Editable/Searchable Score Data
CMME (Computerized Mensural Music Editing)
Website: CMME
The idea of CMME, conceived in 1999 as a Princeton undergraduate project by Ted Dumitrescu, was to support dynamic editions based on encoding standards comparable with the most rigorous printed editions. Editions of music in mensural notation have given rise to many changes of editorial opinion. In contrast to print, virtual editions have the possibility of being easily re-rendered to express changing views. On-screen views support the presence or absence of musica ficta and text underlay rationalized to fit the music or clustered at the start of line (as in many period manuscripts). Marnix van Berchem is the current director of the Utrecht-based project.

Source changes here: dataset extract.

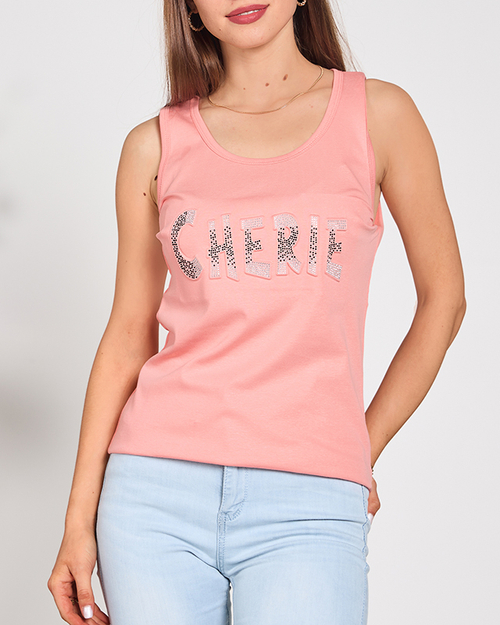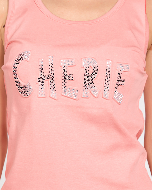 Koralový dámsky top s nápisom a kubickými zirkónmi - Oblečenie
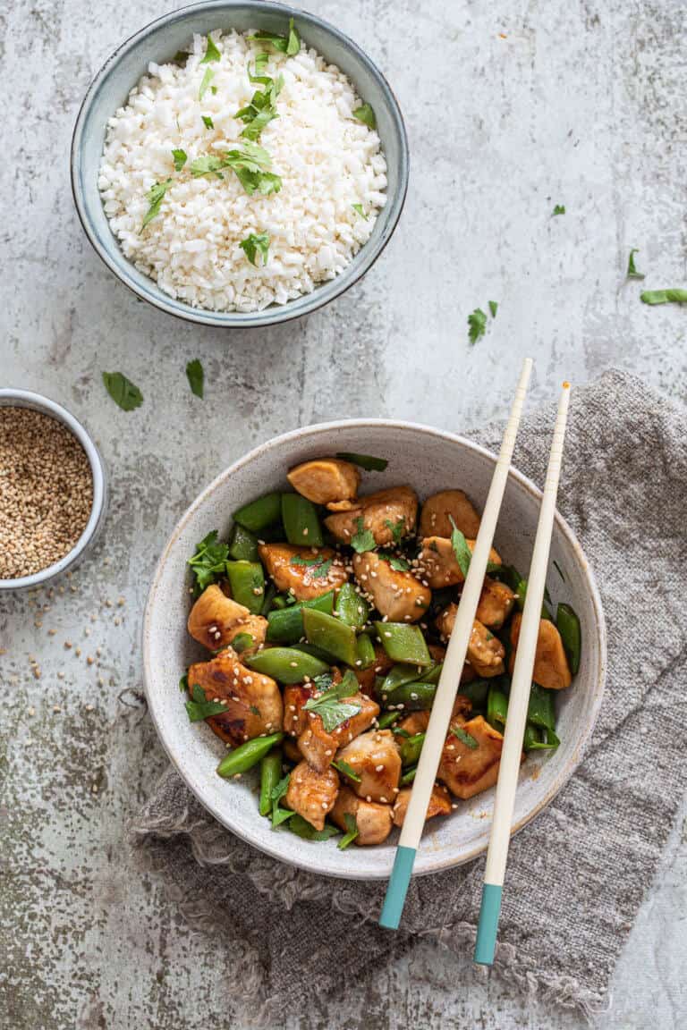 Maar eten moeten we toch zoals ik al zei dus kun je makkelijk deze honing kip met sugarsnaps een keer maken. Bijkomend voordeel dat je de sugarsnaps, de kip en de bloemkoolrijst tegenwoordig uit de vriezer kunt gebruiken! Ik moet mezelf ook wel een beetje dwingen om gezond te blijven eten. Op de een of andere manier ligt junkfood op de loer….

Digital Scores of Chopin's First Editions
Website: Digital Scores of Chopin's First Editions
The recent new edition of all of Chopin's works is available under the auspices of the Frideric Chopin Institute in Warsaw. Filters allow users to sort works by genre and publisher, find them by opus number, and search the musical content for specific intervalic and rhythmic patterns. Interfaces are available in Polish and English (chopinscores.org/en).
KernScores
Website: KernScores
KernScores is a comprehensive website of musical data for analysis. (Kern is the Common Western Notation encoding format the Humdrum ToolKit, which has its own website and data repository at Ohio State University.) KernScores emphasize piano music. A large number of analytical conversions can be run on-the-fly from the long list of links that follows each title listing. Most repertories are for keyboard. The full collection can be browsed here. (EsAC data has also been translated to the Kern format, and 1000 additional pieces have been added by Damien Sagrillo.) An online Humdrum editor enables users to add their own data and run simple analysis routines on it.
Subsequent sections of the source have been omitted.